For the expression of the C1D gene, the above are Expression vectors introduced in host cells. To this Host cells include animal cells, preferably mammalian cells, both in culture and in the living organism. Prefers are the animal cells L, 3T3, FM3A, CHO, COS, Vero and HeLa. Process for transforming these host cells Detection of transformation and expression of the nucleic acid molecules according to the invention using the Vectors described above are in the art known.

Furthermore, the person skilled in the art knows conditions, transformed or to transfect cells. Are him too Method known by the DNA of the invention to isolate and to express expressed protein or fusion protein clean.

In order to carry out the method according to the invention, in a preferred embodiment, the C1D-DNA in a Expression vector, in particular a gene therapy vector, inserted and introduced into cells, preferably tumor cells. There is expression of C1D protein, which also to the cell's own protein, which triggers apoptosis. The vectors are introduced into the cells under the conditions known to those skilled in the art. With regard to in vivo Gene therapy is particularly focused on "K.W. Culver, Gene Therapy, A Handbook for Physicans, Mary Ann Libert, Inc., New York, 1994 "and" P. L. Chang, Sonatic Gene Therapy, CRC Press, London, 1995 ".

In a further preferred embodiment, the stimulates the cell's own C1D gene to increase expression, z.
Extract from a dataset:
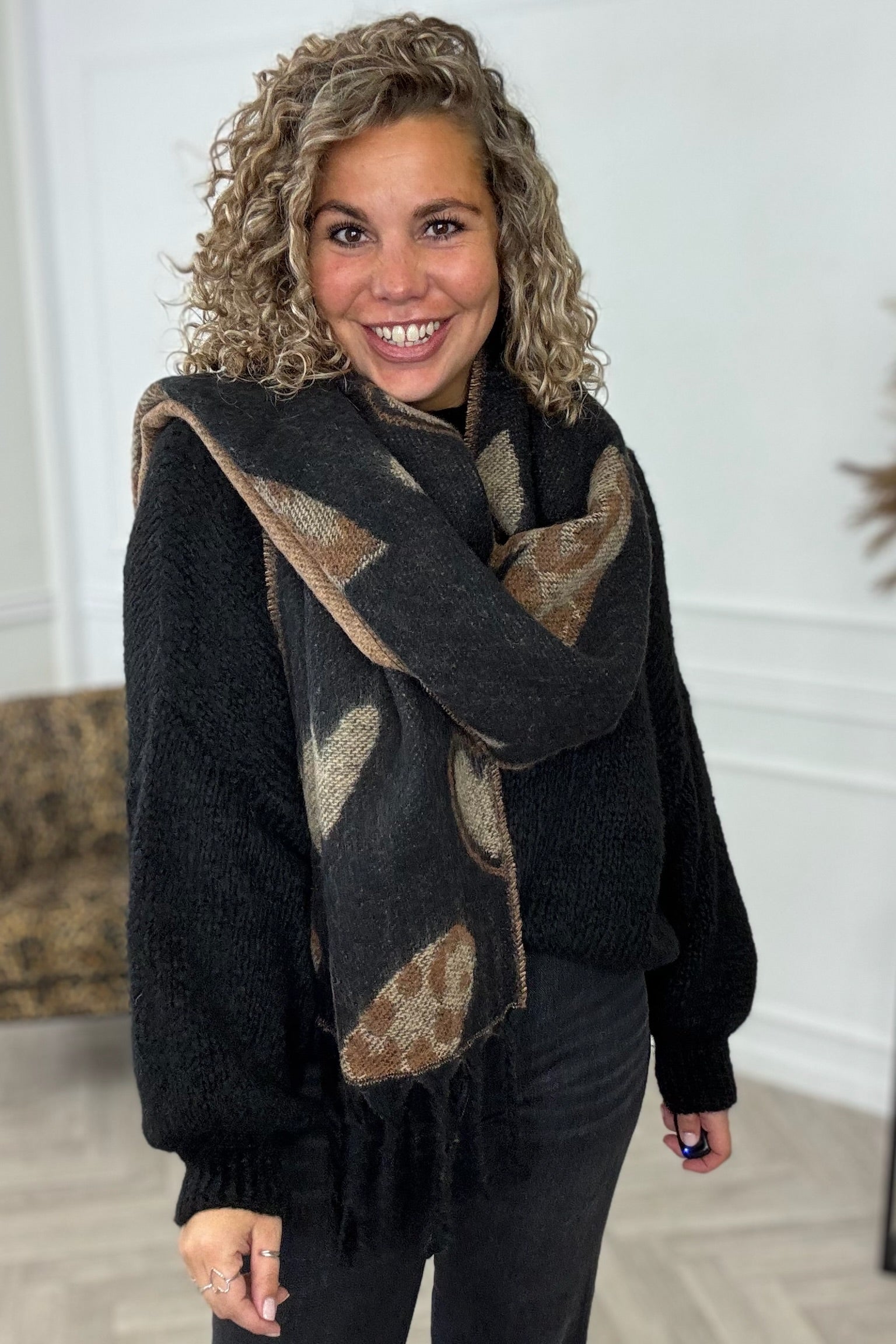 Deze heerlijke sjaal is ideaal voor de koude maanden, en ook nog eens super leuk met een hart patroon! Shop de lovely heart scarf nu in black!

B. by exogenous stimulation of the endogenous C1D promoter. A promoter is a 5 ′ neighboring sequence of a gene which serve as starting points for RNA polymerase II, which Interaction with transcription factors the expression of Gene causes. For many genes, like C1D, this is Process inducible or stimulable by exogenous factors. Factors that cause the specific expression of a gene are very numerous and range from physical factors (like light, heat, cold), about low-molecular inorganic Substances (such as salts, metal ions) and low molecular weight organic substances (peptides, nucleic acid building blocks, biogenic Amines, steroids) up to higher molecular weight substances (serum, Growth factors, immune stimulants). The one for the C1D gene specific stimulants are recognized by the fact that 5'- Neighboring sequences, present on e.g. B. the BAC (bacterial arteficial chromosome) cloning with a reporter gene, e.g. B. CAT or EGFP, combined and regarding the reporter gene Expression or its stimulation by exogenous factors, possibly with a "high-throughput" method become.

In a further preferred embodiment, C1D Protein through appropriate measures, e.g. B. included in Liposomes or viral capsids, introduced into the cell. The C1D protein is, for example, in prokaryotes (e.g. E. coli) or eukaryotes (e.g. animal cells) and cleaned up accordingly before it is administered.

The inhibition of the degradation of the C1D gene product can, as already indicated above, basically take place on two levels, (a) inhibition of proteolytic degradation of the C1D gene product, d. H. of the C1D protein (e.g. by proteasome inhibitors) and / or (b) change in the amino acid sequence of the C1D Gene product so that it is resistant to one proteolytic degradation is without doing the apoptotic Losing activity. On the other hand, it is also conceivable that inhibition can take place in that a ligand, for. B. a Antibody so binds to the C1D gene product that it does Degradation is protected, but not its biological (apoptotic) activity loses.

Thus, in a preferred embodiment, the method inhibiting the degradation of C1D Gene product by at least one proteasome inhibitor. Suitable proteasome inhibitors are known to the person skilled in the art and this includes, preferably, benzyloxycarbonyl-leu-leu norvalinal (MG115; Calbiochem-Novablochem GmbH, Bad Soden, Germany). A suitable proteasome inhibitor is also a polypeptide that the C1D amino acid sequence of positions 50 to 90 or a fragment thereof which can still bind ubiquitin residues. This can, preferably if present in excess, saturate the proteasomes, so that there are no more free proteasomes for C1D degradation in the Cell are available. The inhibitor is added preferably simultaneously with the transfection. If it is the inhibitor is a protein or peptide, can its administration also takes place in that the cell with a vector according to the procedure described above is transfected, the corresponding nucleic acid sequence expressed. This vector can also be the vector act that is used to overexpress C1D.

In an alternative preferred embodiment of the inventive method is the inhibition of the degradation of C1D gene product causes that for the C1D Overexpression a nucleic acid sequence is used that is so modified that the gene product encoded by it is resistant to degradation by proteasomes, however still has apoptotic activity, the in this The term "resistant" used in the context also refers to C1D variants relates, their degradation (compared to the original form) is at least reduced. The expert a nucleic acid sequence modified in this way according to the usual Process, e.g. B. in vitro mutagenesis, and generate Determination of proteasome resistance or apoptotic Activity of the gene product encoded thereby z. B. on the in the assays described below carry out.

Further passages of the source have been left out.